[Exercise]: The answer must be the full data, restated word for word, with no pictures in it.
Start of Information shown
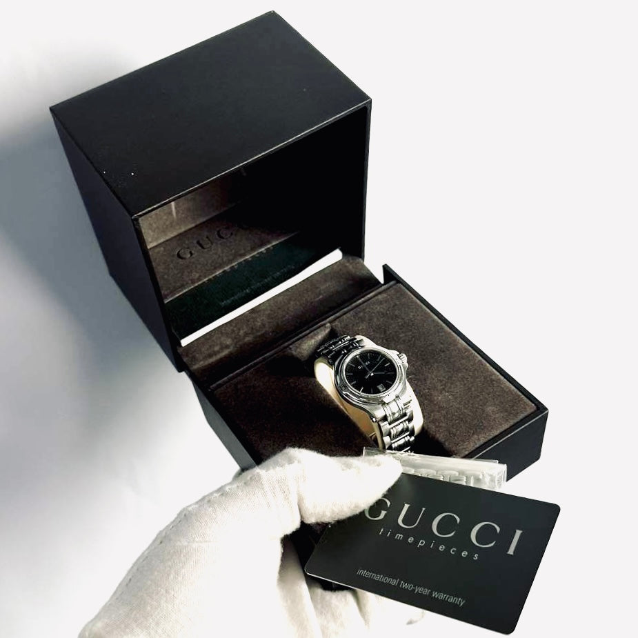 Gucci Black Round Dial Monogram Logo Stainless Steel 26MM 9040L Watch
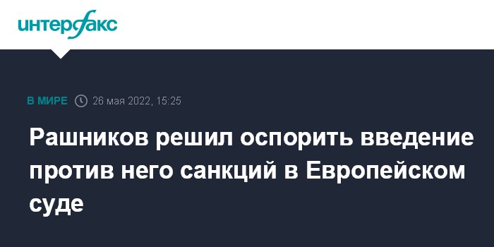 "В рамках действующей процедуры, установленной статьями 263 и 264 договора о функционировании Европейского союза, было направлено заявление в Европейский суд общей юрисдикции об отмене решения совета ЕС 2022/429 и имплементационного регламента совета ЕС 2022/427 от 15 марта 2022 года о включении Рашникова в список лиц, подпадающих под ограничительные меры", - подтвердил "Интерфаксу" представитель бизнесмена.
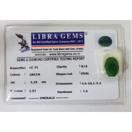 REPORT NO . LE 31CLARITY . N/ACOLOUR . GREENSHAPE / CUT . OVALWT . 5.25 CTSDIMENSION . 3-5.10-1.5-2.R . INDEX . 1.57HARDNESS . 7.5COMMENT . EMERALD ..
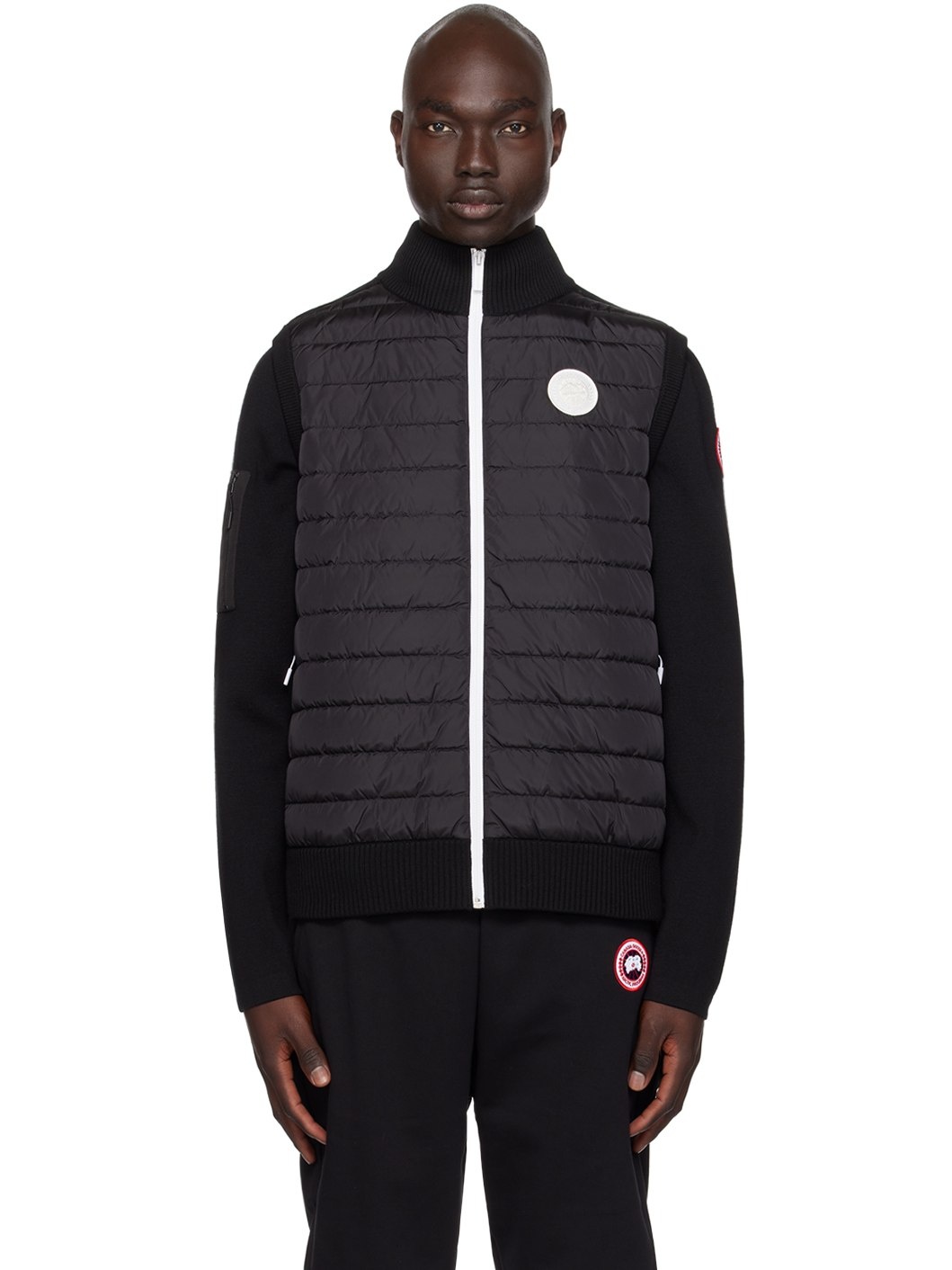 Paneled down-filled quilted nylon HyBridge® taffeta and rib knit wool vest. · Rib knit stand collar, hem, and armscyes · Zip closure · Embroidered logo patch at chest · Zip seam pockets · Partial satin lining Supplier color: Black/White Fill: 90% white duck down, 10% white duck feather. Body 1: 100% wool. Body 2: 100% polyamide. Lining: 100% polyamide. Made in Canada 232014M178012
End of Information shown
[Exercise result]:
 Gucci Black Round Dial Monogram Logo Stainless Steel 26MM 9040L Watch
 "В рамках действующей процедуры, установленной статьями 263 и 264 договора о функционировании Европейского союза, было направлено заявление в Европейский суд общей юрисдикции об отмене решения совета ЕС 2022/429 и имплементационного регламента совета ЕС 2022/427 от 15 марта 2022 года о включении Рашникова в список лиц, подпадающих под ограничительные меры", - подтвердил "Интерфаксу" представитель бизнесмена.
 REPORT NO . LE 31CLARITY . N/ACOLOUR . GREENSHAPE / CUT . OVALWT . 5.25 CTSDIMENSION . 3-5.10-1.5-2.R . INDEX . 1.57HARDNESS . 7.5COMMENT . EMERALD ..
 Paneled down-filled quilted nylon HyBridge® taffeta and rib knit wool vest. · Rib knit stand collar, hem, and armscyes · Zip closure · Embroidered logo patch at chest · Zip seam pockets · Partial satin lining Supplier color: Black/White Fill: 90% white duck down, 10% white duck feather. Body 1: 100% wool. Body 2: 100% polyamide. Lining: 100% polyamide. Made in Canada 232014M178012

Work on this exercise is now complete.